▶ Exercise prompt
Repeat the data exactly. Pictures stay out.

▶ Data below
========

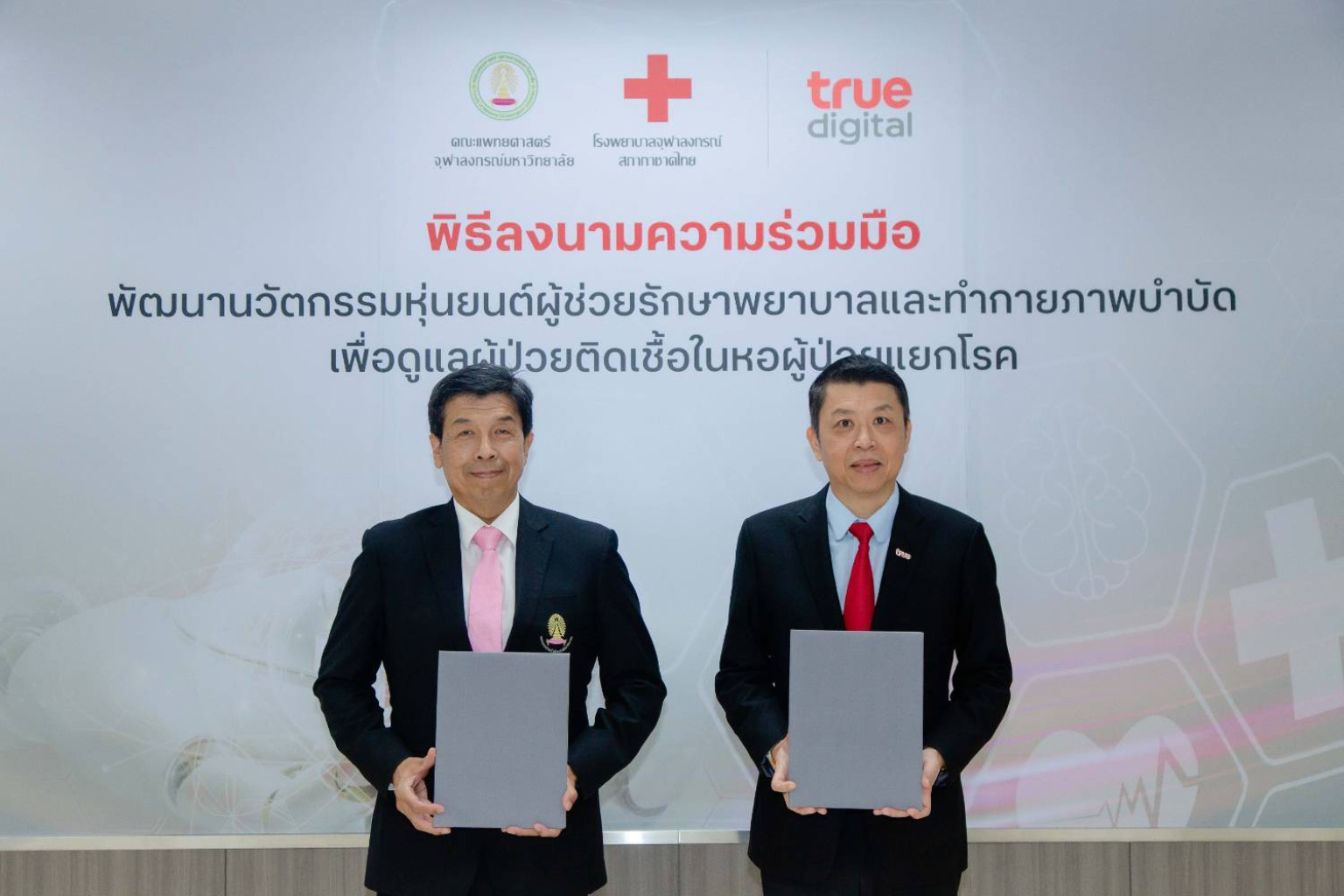 รศ.นพ.ฉันชาย สิทธิพันธุ์ ผู้อำนวยการ โรงพยาบาลจุฬาลงกรณ์ สภากาชาดไทย และคณบดี คณะแพทยศาสตร์ จุฬาลงกรณ์มหาวิทยาลัย ลงนามความร่วมมือกับ บริษัท ทรู ดิจิทัล กรุ๊ป จำกัด โดย นายเอกราช ปัญจวีณิน หัวหน้าคณะผู้บริหารด้านดิจิทัล และ (รักษาการ) หัวหน้าคณะผู้บริหารด้านกลุ่มธุรกิจองค์กร บมจ. ทรู คอร์ปอเรชั่น พร้อมด้วย นายณัฐวุฒิ อมรวิวัฒน์ กรรมการบริหาร บมจ.ทรู คอร์ปอเรชั่น และ ประธานกรรมการ บริษัท ทรู ดิจิทัล กรุ๊ป จำกัด เพื่อพัฒนานวัตกรรม “หุ่นยนต์ผู้ช่วยรักษาพยาบาลและทำกายภาพบำบัด” ที่จะเป็นเสมือนหนึ่งในทีมบุคลากรการแพทย์ช่วยดูแลและให้บริการผู้ป่วยติดเชื้อที่อยู่ในระยะให้ยาและรักษาในห้องแยกโรค เพื่อป้องกันการแพร่เชื้อ ยกระดับบริการทางการแพทย์และการรักษาพยาบาลที่เป็นเลิศและเป็นต้นแบบเพื่อสร้างเสริมสังคมสู่การพัฒนาอย่างยั่งยืน (Innovation for society)
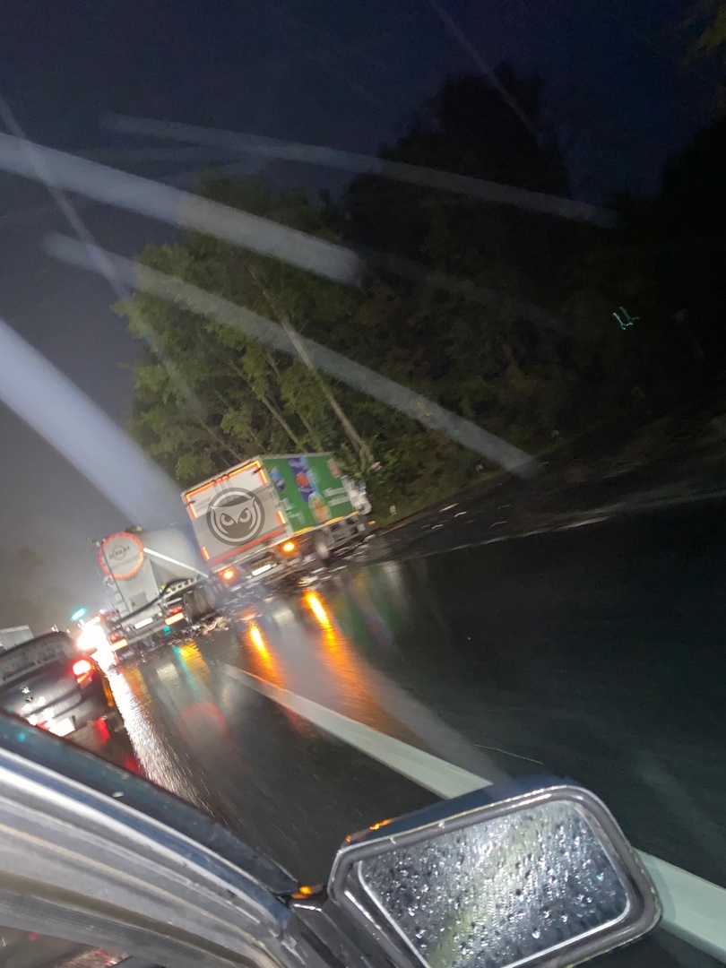 Судя по видео, можно предположить, что в аварию попали два грузовых автомобиля. О погибших и пострадавших в результате дорожно-транспортного происшествия информации нет, на месте работают сотрудники ДПС.
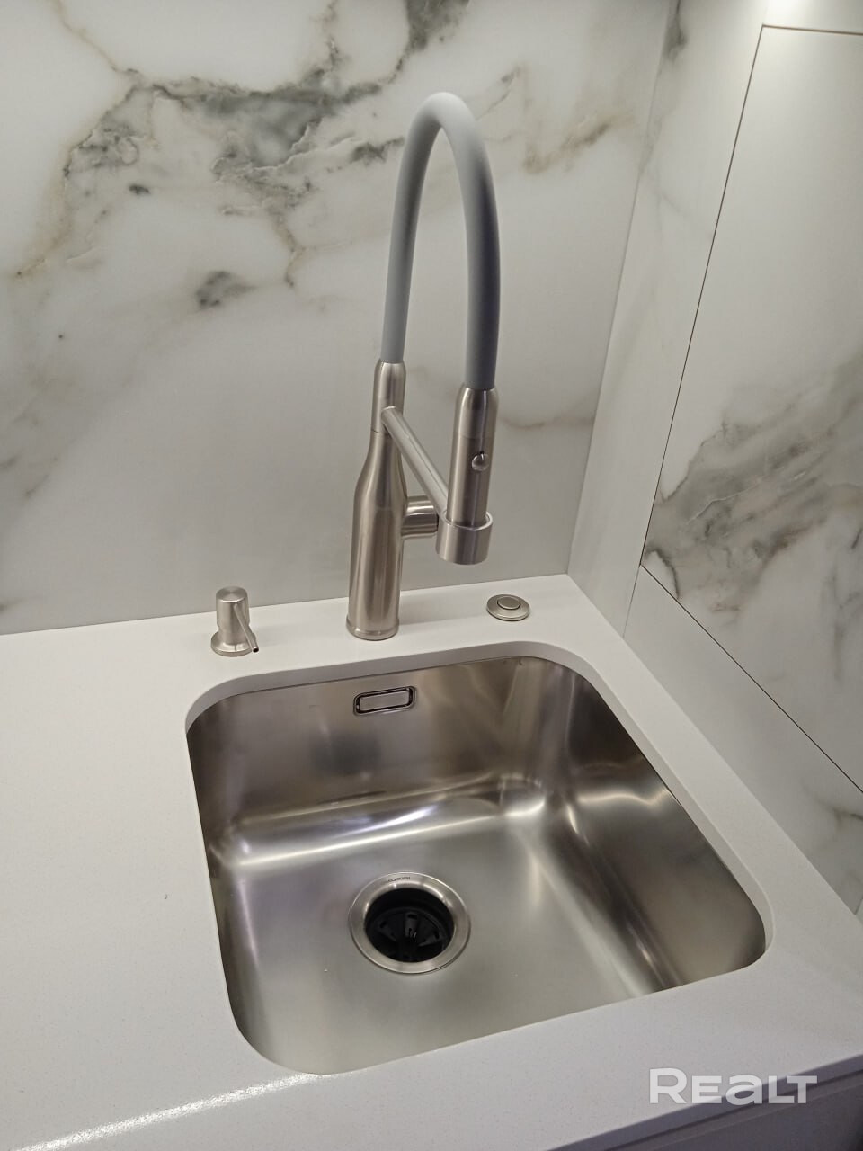 Столешница выполненная из Кварцевого Агломерата, оснащена мойкой Омойкири подстольного монтажа

========

▶ Exercise solution
 รศ.นพ.ฉันชาย สิทธิพันธุ์ ผู้อำนวยการ โรงพยาบาลจุฬาลงกรณ์ สภากาชาดไทย และคณบดี คณะแพทยศาสตร์ จุฬาลงกรณ์มหาวิทยาลัย ลงนามความร่วมมือกับ บริษัท ทรู ดิจิทัล กรุ๊ป จำกัด โดย นายเอกราช ปัญจวีณิน หัวหน้าคณะผู้บริหารด้านดิจิทัล และ (รักษาการ) หัวหน้าคณะผู้บริหารด้านกลุ่มธุรกิจองค์กร บมจ. ทรู คอร์ปอเรชั่น พร้อมด้วย นายณัฐวุฒิ อมรวิวัฒน์ กรรมการบริหาร บมจ.ทรู คอร์ปอเรชั่น และ ประธานกรรมการ บริษัท ทรู ดิจิทัล กรุ๊ป จำกัด เพื่อพัฒนานวัตกรรม “หุ่นยนต์ผู้ช่วยรักษาพยาบาลและทำกายภาพบำบัด” ที่จะเป็นเสมือนหนึ่งในทีมบุคลากรการแพทย์ช่วยดูแลและให้บริการผู้ป่วยติดเชื้อที่อยู่ในระยะให้ยาและรักษาในห้องแยกโรค เพื่อป้องกันการแพร่เชื้อ ยกระดับบริการทางการแพทย์และการรักษาพยาบาลที่เป็นเลิศและเป็นต้นแบบเพื่อสร้างเสริมสังคมสู่การพัฒนาอย่างยั่งยืน (Innovation for society)
 Судя по видео, можно предположить, что в аварию попали два грузовых автомобиля. О погибших и пострадавших в результате дорожно-транспортного происшествия информации нет, на месте работают сотрудники ДПС.
 Столешница выполненная из Кварцевого Агломерата, оснащена мойкой Омойкири подстольного монтажа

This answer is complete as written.